Give the data again in full, without pictures.

_GIVEN DATA_
^^^^^^^^^^^^^^^^

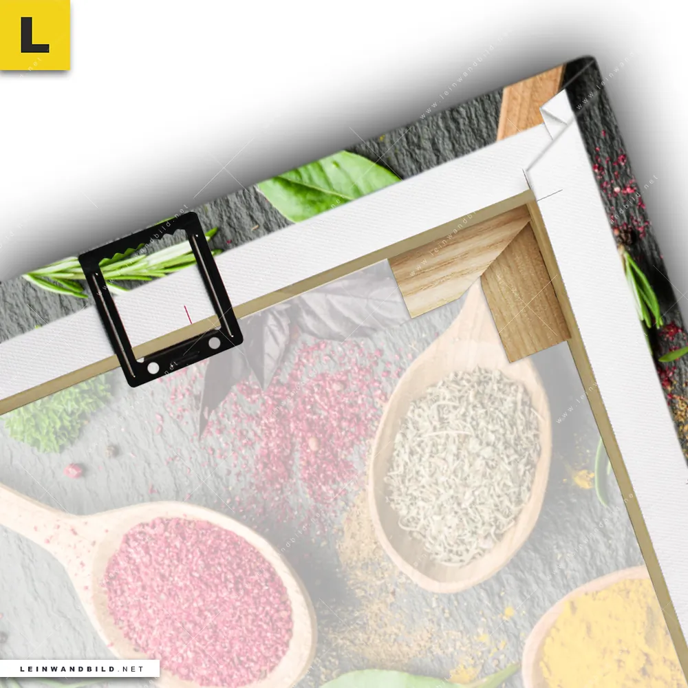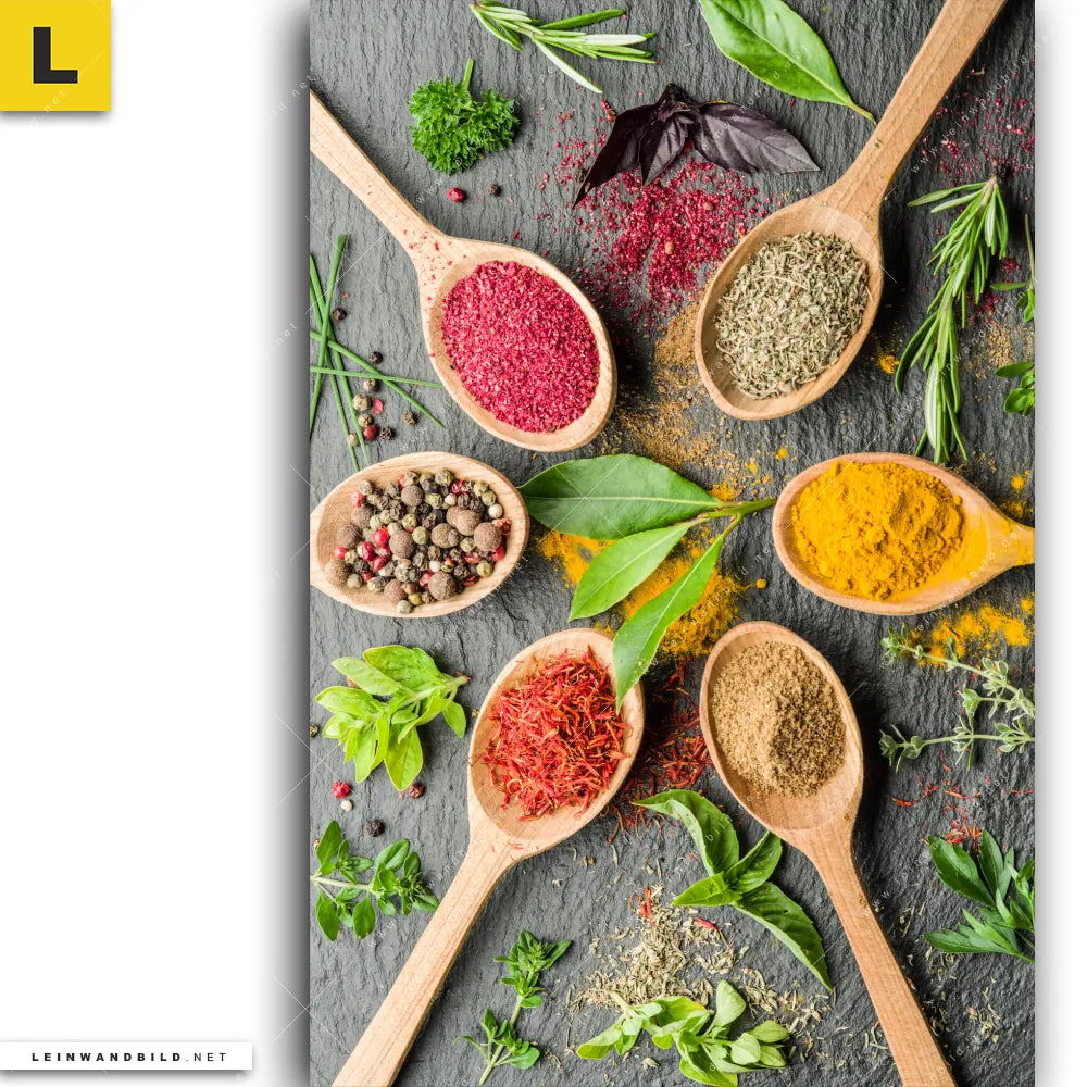 Du konfigurierst Dein individuelles Leinwandbild | Bunte Gewürze in Holzlöffeln | Hochformat und wir produzieren es NEU für Dich. Unsere Essen - Trinken Leinwände sind KEINE Lagerware. Du bist Dir unsicher, welches Motiv oder Format das richtige für dein individuelles Keilrahmenbild ist, dann helfen wir dir gerne weiter und beraten dich!
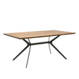 This model of table includes massif solid oak tabletop with thickness of 3.5cm and with edge cut in angle (swiss). On back of top it has 5 cutting lines for detension and 2-3 U metallic profile applied for resistance.
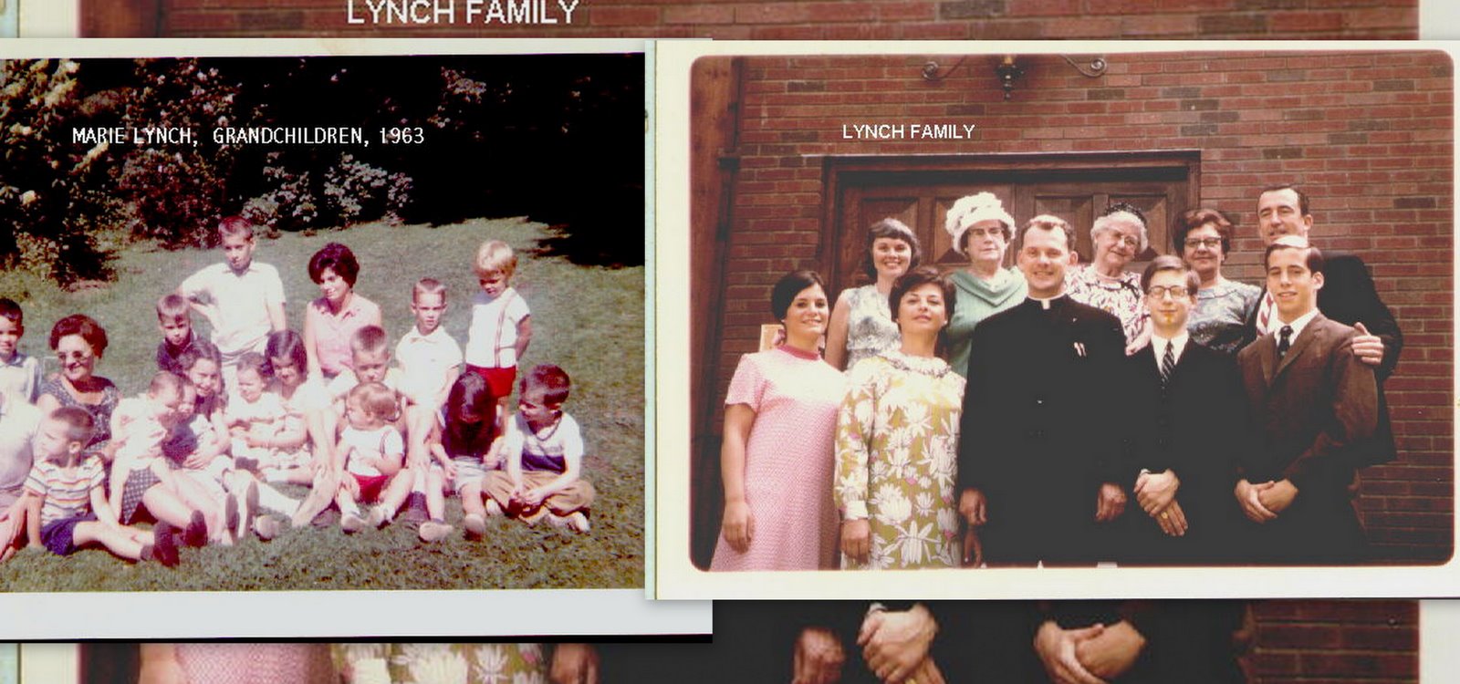 Included: Jim Lynch obituary; Nan & Bill's wedding; Aunts Kit, Winnie and Margaret; Cousin Steve Lynch (a priest); Gramma Lynch and husband Silas "Doc" Lynch; Cousin Ralph Nappi
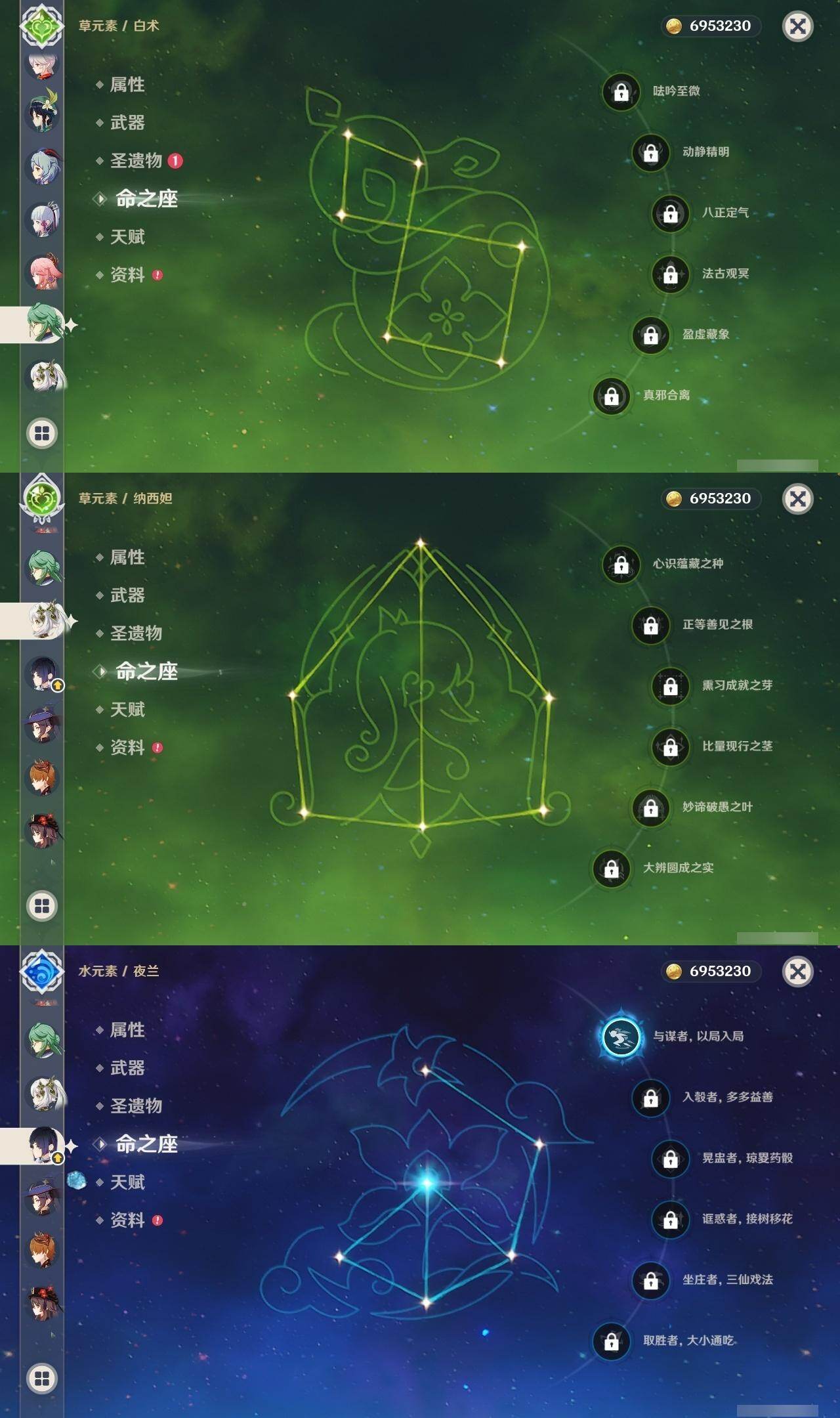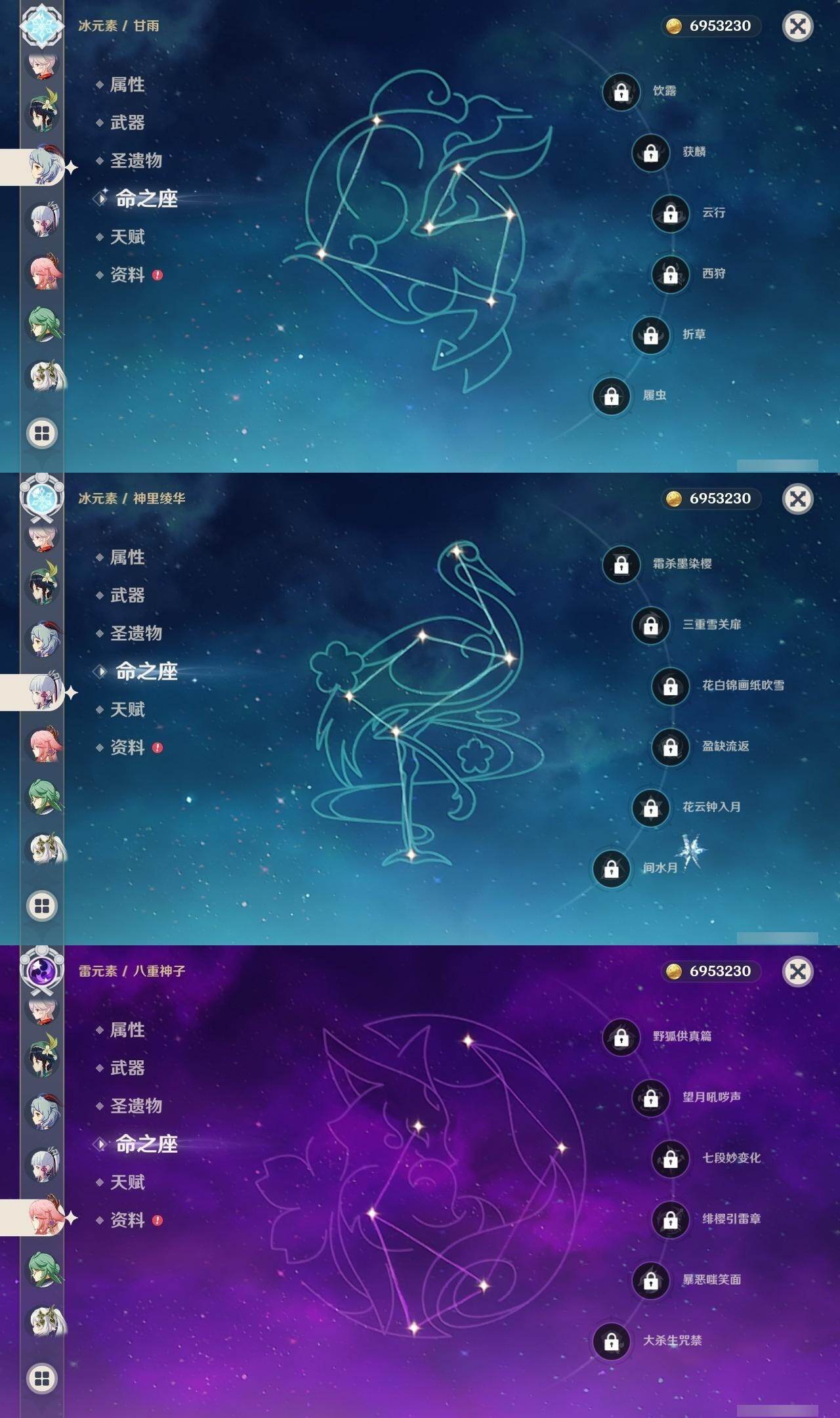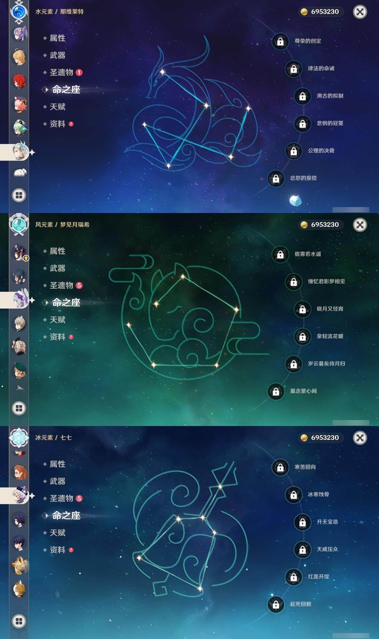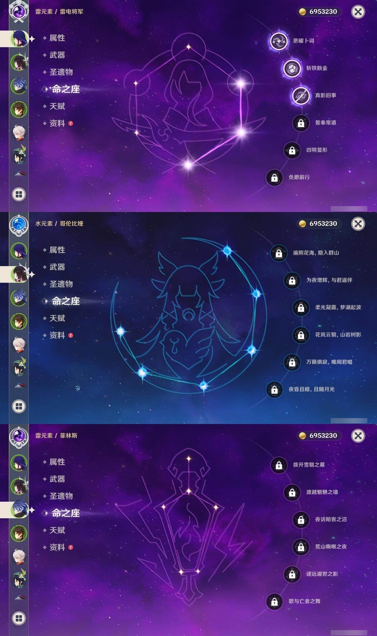 0命那维莱特,0命白术,0命纳西妲,1命夜兰,0命八重神子,3命雷电将军,0命枫原万叶,0命神里绫华,0命钟离,1命胡桃,0命甘雨,0命温迪,0命达达利亚,2命刻晴,0命七七,2命琴,3命莫娜,3命迪卢克,0命梦见月瑞希,0命菲林斯,0命哥伦比娅,精1若水,精1冬极白星,精1薙草之稻光,精1飞雷之弦振,精1雾切之回光,精1无工之剑,精1护摩之杖,精2四风原典,精3和璞鸢,精1天空之翼,精1阿莫斯之弓,精1天空之刃

^^^^^^^^^^^^^^^^

_EXERCISE ANSWER_
 Du konfigurierst Dein individuelles Leinwandbild | Bunte Gewürze in Holzlöffeln | Hochformat und wir produzieren es NEU für Dich. Unsere Essen - Trinken Leinwände sind KEINE Lagerware. Du bist Dir unsicher, welches Motiv oder Format das richtige für dein individuelles Keilrahmenbild ist, dann helfen wir dir gerne weiter und beraten dich!
 This model of table includes massif solid oak tabletop with thickness of 3.5cm and with edge cut in angle (swiss). On back of top it has 5 cutting lines for detension and 2-3 U metallic profile applied for resistance.
 Included: Jim Lynch obituary; Nan & Bill's wedding; Aunts Kit, Winnie and Margaret; Cousin Steve Lynch (a priest); Gramma Lynch and husband Silas "Doc" Lynch; Cousin Ralph Nappi
 0命那维莱特,0命白术,0命纳西妲,1命夜兰,0命八重神子,3命雷电将军,0命枫原万叶,0命神里绫华,0命钟离,1命胡桃,0命甘雨,0命温迪,0命达达利亚,2命刻晴,0命七七,2命琴,3命莫娜,3命迪卢克,0命梦见月瑞希,0命菲林斯,0命哥伦比娅,精1若水,精1冬极白星,精1薙草之稻光,精1飞雷之弦振,精1雾切之回光,精1无工之剑,精1护摩之杖,精2四风原典,精3和璞鸢,精1天空之翼,精1阿莫斯之弓,精1天空之刃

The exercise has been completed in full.